Recent studies have suggested that Fas ligand (FasL-) tumor cells can induce apoptosis in Fas+ T cells. However, the effect of growth of FasL+ tumors in vivo, on lymphoid tissues of the host is not clear and therefore was the subject of this investigation. Injection of FasL+ LSA tumor caused a significant decrease in cellularity of the thymus and spleen, resulting from marked apoptosis, in syngeneic C57BL/6+/+ (wildtype) but not C57BL/6-lpr/lpr (Fas-deficient) mice.

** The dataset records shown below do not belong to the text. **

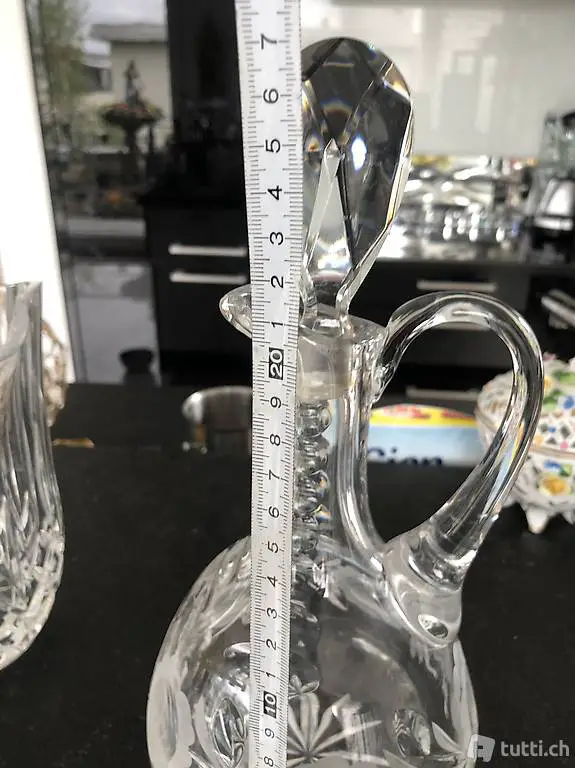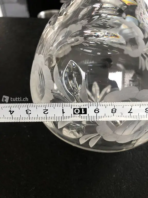 kleine Kristall Karaffe, 20cm h x 13 cm b plus 7 cm Zapfen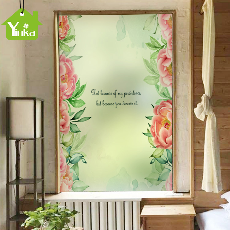 Simple green plant rose background wall Living room bedroom glass partition Nordic decorative painting stickers self-adhesive wallpaper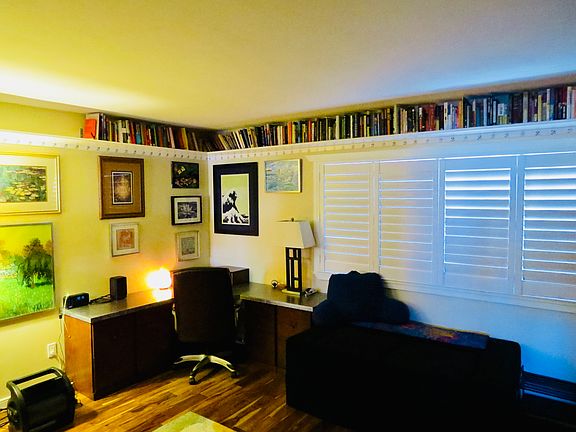 Ample books within spaceInterior decorated with artworkKing-size bedAc in unitOnsite washer and dryerFully equipped kitchen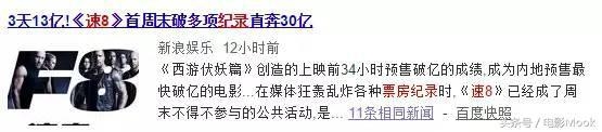 话说,这《速8》竟也是够牛X的,上映之后,票房突飞猛进,狂飙之速度大有冲击总冠军之姿。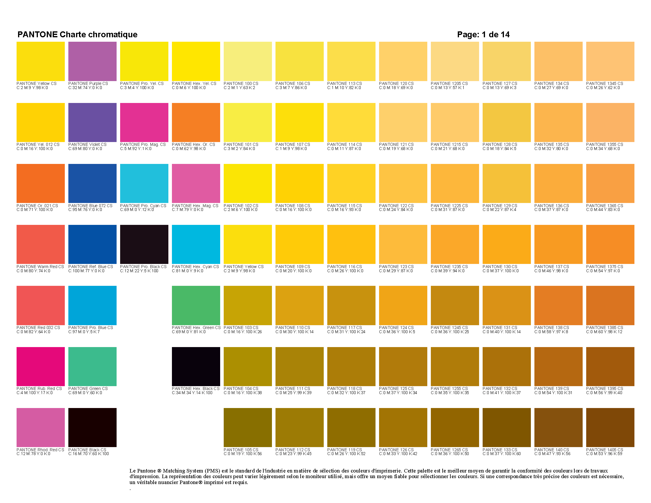 Оттенки желтого цвета составляют 136 тонов, согласно палитре Пантон, используемой для дизайна одежды. Чтобы получить желтую краску, используют натуральные или искусственные пигменты (охру, кадмий, ауреолин и т. д.).
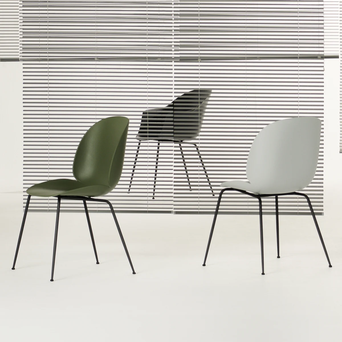 De Beetle Gubi Eetkamerstoel van GamFratesi is een stoel met onbeperkte mogelijkheden. Oorspronkelijk ontworpen als een gestoffeerde stoel, geeft de niet-gestoffeerde versie met polypropyleen schelpen de stoel een lichte en frisse uitstraling. Het ontwerpersduo liet zich inspireren door de wereld van insecten. Het ontwerp van de stoel is gebaseerd op de typische kenmerken van een kever. beetle ).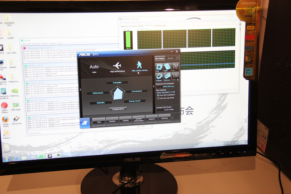 华硕晶品CM6870是主打家用的台式电脑,采用英特尔i5-3550处理器,相比较前两款产品,该机机箱更小,更能节约空间。另外该机采用了EPU智能节能技术,用Prime95将CPU加至满载,功耗仅维持在70W和90W左右。9/26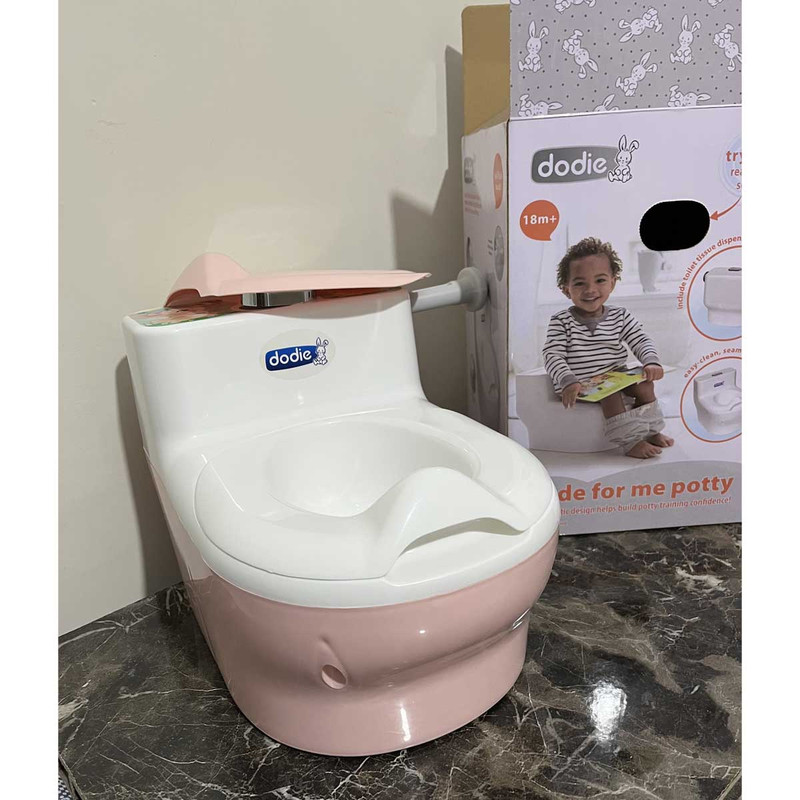 لگن آموزشی کودک طرح توالت فرنگی Doodie یک محصول مناسب برای آموزش دستشویی رفتن به کودک لوازم و محصولاتی که برای دستشویی رفتن کودکان تولید می شود، به شما کمک می کند تا این دوران مهم را با راحتی بیشتری سپری کنید. تمام تلاش تان را به کار گیرید تا در دوران از پوشک گرفتن و آموزش دستشویی رفتن به کودک خود، آرامش داشته باشید. هر قدر این دوران بدون استرس و نگرانی سپری شود، به موفقیت و استقلال کودک زودتر نزدیک می شوید.

The tumor-induced toxicity resulted from tumor-derived rather than host-derived FasL, inasmuch as LSA tumor growth in C57BL/6-gld/gld (FasL-defective) mice, induced marked apoptosis and toxicity in the thymus and spleen. The LSA tumor growth induced a significant decrease in the percentage of CD4+CD8+ T cells in the thymus of C57BL/6+/+ mice and an increase in the percentage of CD4+, CD8+ and CD4-CD8- T cells. Of the four subpopulations tested, the CD4+CD8+ T cells showed maximum apoptosis. The LSA (FasL+) but not P815(FasL-) tumor cell lysates and culture supernatants induced marked apoptosis in Fas+ thymocytes, when tested both in vitro and in vivo. The LSA-tumor-induced apoptosis in vitro was inhibited by antibodies against FasL or by caspase and other inhibitors of apoptosis. Chemotherapy of LSA-tumor-bearing C57BL/ 6+/+ mice at advanced stages of tumor growth failed to cure the mice, whereas, more than 80% of LSA-tumor-bearing C57BL/6-lpr/lpr mice, similarly treated, survived. Together, the current study demonstrates that FasL produced by LSA tumor cells is functional in vivo and can cause severe toxicity in lymphoid organs of the host. Also, Fas/FasL interactions may play an important role in the successful chemotherapy of FasL-bearing tumor.